» **TASK**
Every line below must come back exactly as it stands, with the images omitted.

» **DATA BLOCK**
================

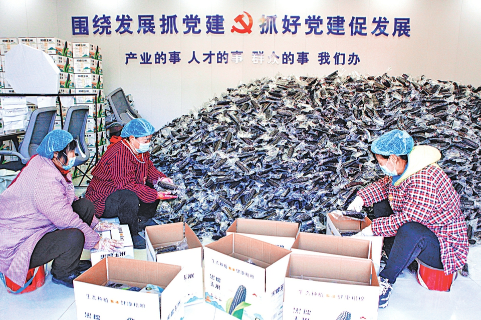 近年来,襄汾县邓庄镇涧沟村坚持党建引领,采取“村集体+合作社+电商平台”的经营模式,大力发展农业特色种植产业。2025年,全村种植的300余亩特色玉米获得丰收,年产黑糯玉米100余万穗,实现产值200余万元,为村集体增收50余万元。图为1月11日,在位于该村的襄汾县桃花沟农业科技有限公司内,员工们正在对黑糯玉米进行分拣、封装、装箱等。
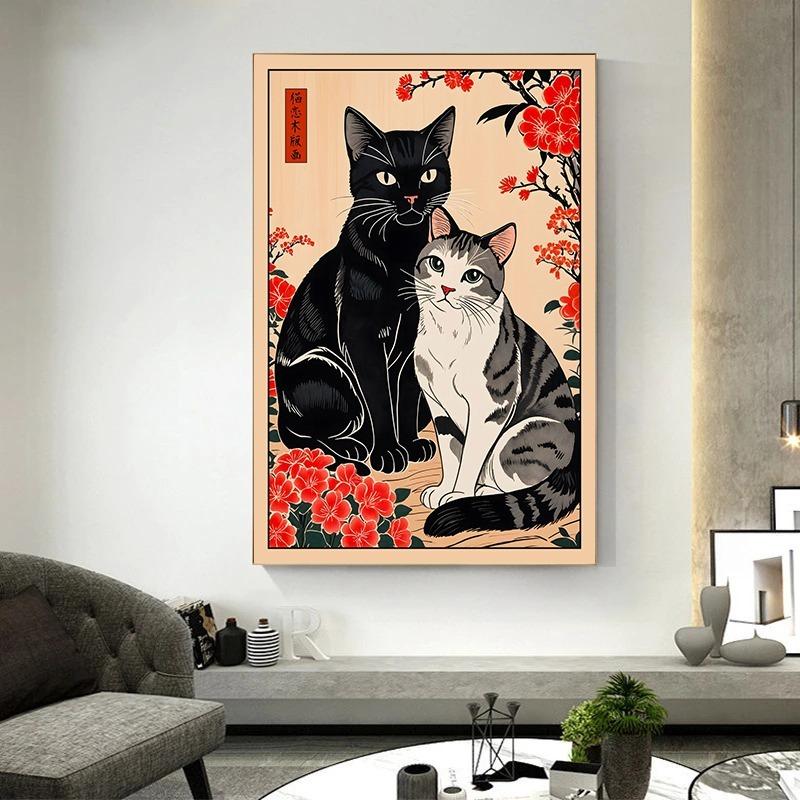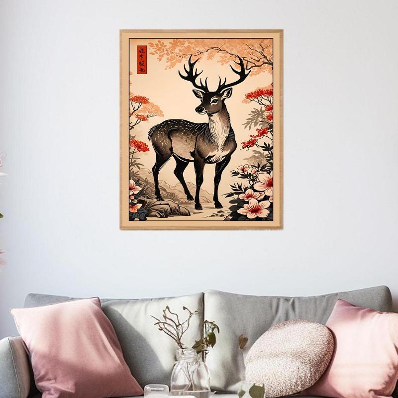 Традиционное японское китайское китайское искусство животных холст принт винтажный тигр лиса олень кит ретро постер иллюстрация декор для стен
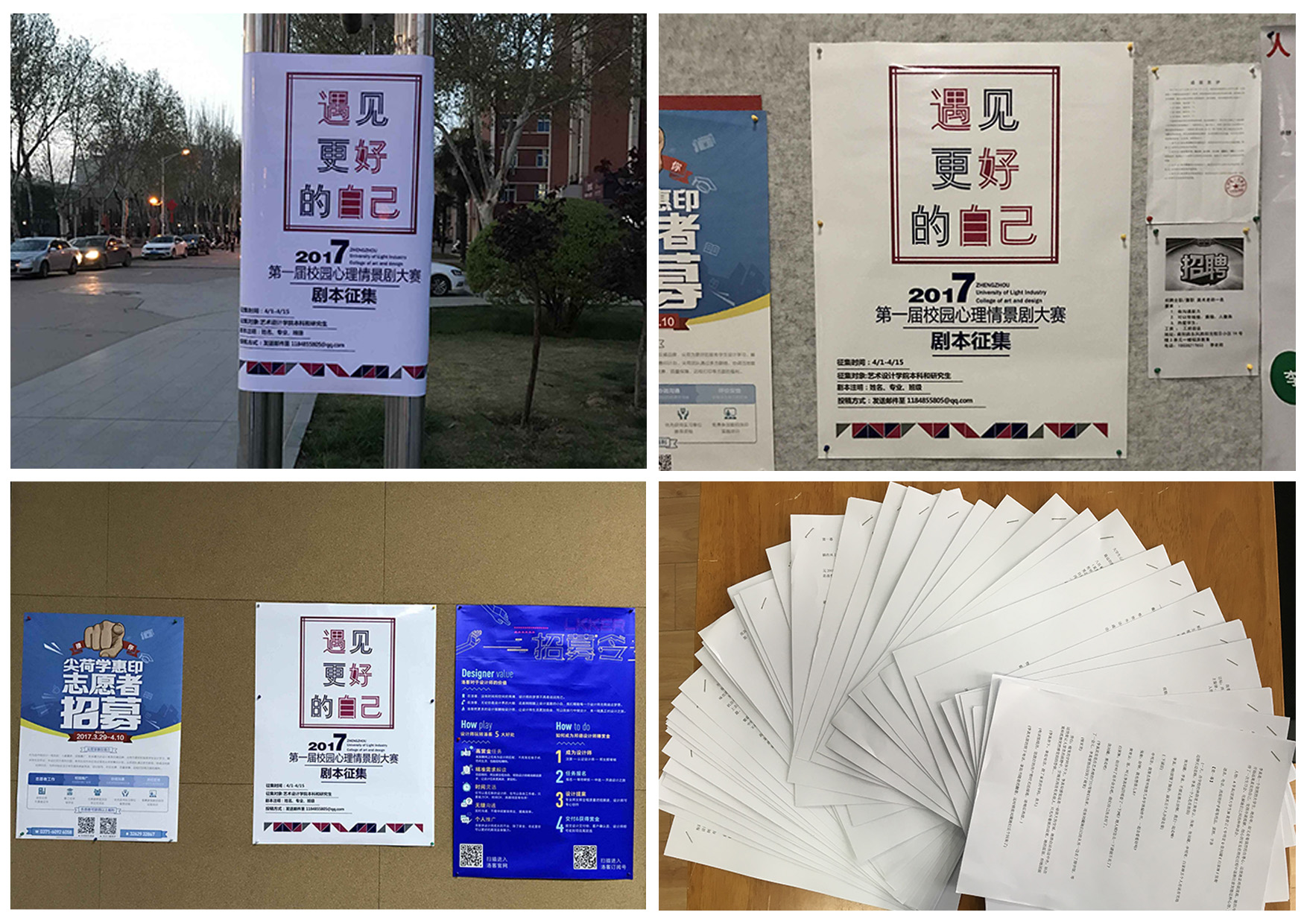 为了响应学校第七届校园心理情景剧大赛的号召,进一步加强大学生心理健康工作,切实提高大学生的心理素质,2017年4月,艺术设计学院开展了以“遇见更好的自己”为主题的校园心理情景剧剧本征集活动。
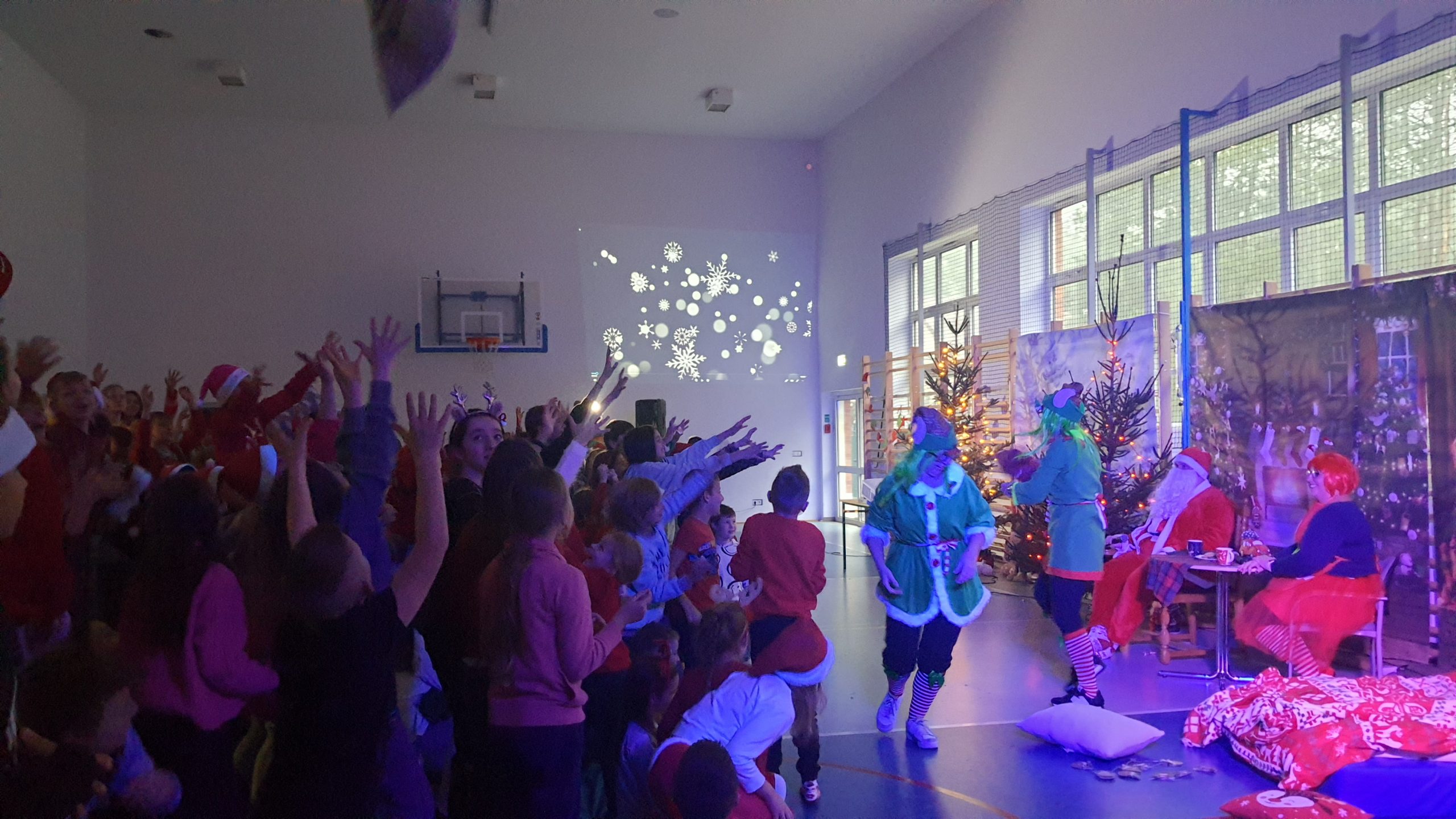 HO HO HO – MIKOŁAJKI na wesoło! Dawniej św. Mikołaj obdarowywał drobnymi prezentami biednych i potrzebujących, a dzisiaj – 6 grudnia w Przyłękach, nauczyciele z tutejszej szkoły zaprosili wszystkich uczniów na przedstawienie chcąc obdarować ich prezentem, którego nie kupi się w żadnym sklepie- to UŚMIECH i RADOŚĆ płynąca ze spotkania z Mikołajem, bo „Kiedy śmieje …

================

» **SOLUTION FOR THIS EXERCISE**
 近年来,襄汾县邓庄镇涧沟村坚持党建引领,采取“村集体+合作社+电商平台”的经营模式,大力发展农业特色种植产业。2025年,全村种植的300余亩特色玉米获得丰收,年产黑糯玉米100余万穗,实现产值200余万元,为村集体增收50余万元。图为1月11日,在位于该村的襄汾县桃花沟农业科技有限公司内,员工们正在对黑糯玉米进行分拣、封装、装箱等。
 Традиционное японское китайское китайское искусство животных холст принт винтажный тигр лиса олень кит ретро постер иллюстрация декор для стен
 为了响应学校第七届校园心理情景剧大赛的号召,进一步加强大学生心理健康工作,切实提高大学生的心理素质,2017年4月,艺术设计学院开展了以“遇见更好的自己”为主题的校园心理情景剧剧本征集活动。
 HO HO HO – MIKOŁAJKI na wesoło! Dawniej św. Mikołaj obdarowywał drobnymi prezentami biednych i potrzebujących, a dzisiaj – 6 grudnia w Przyłękach, nauczyciele z tutejszej szkoły zaprosili wszystkich uczniów na przedstawienie chcąc obdarować ich prezentem, którego nie kupi się w żadnym sklepie- to UŚMIECH i RADOŚĆ płynąca ze spotkania z Mikołajem, bo „Kiedy śmieje …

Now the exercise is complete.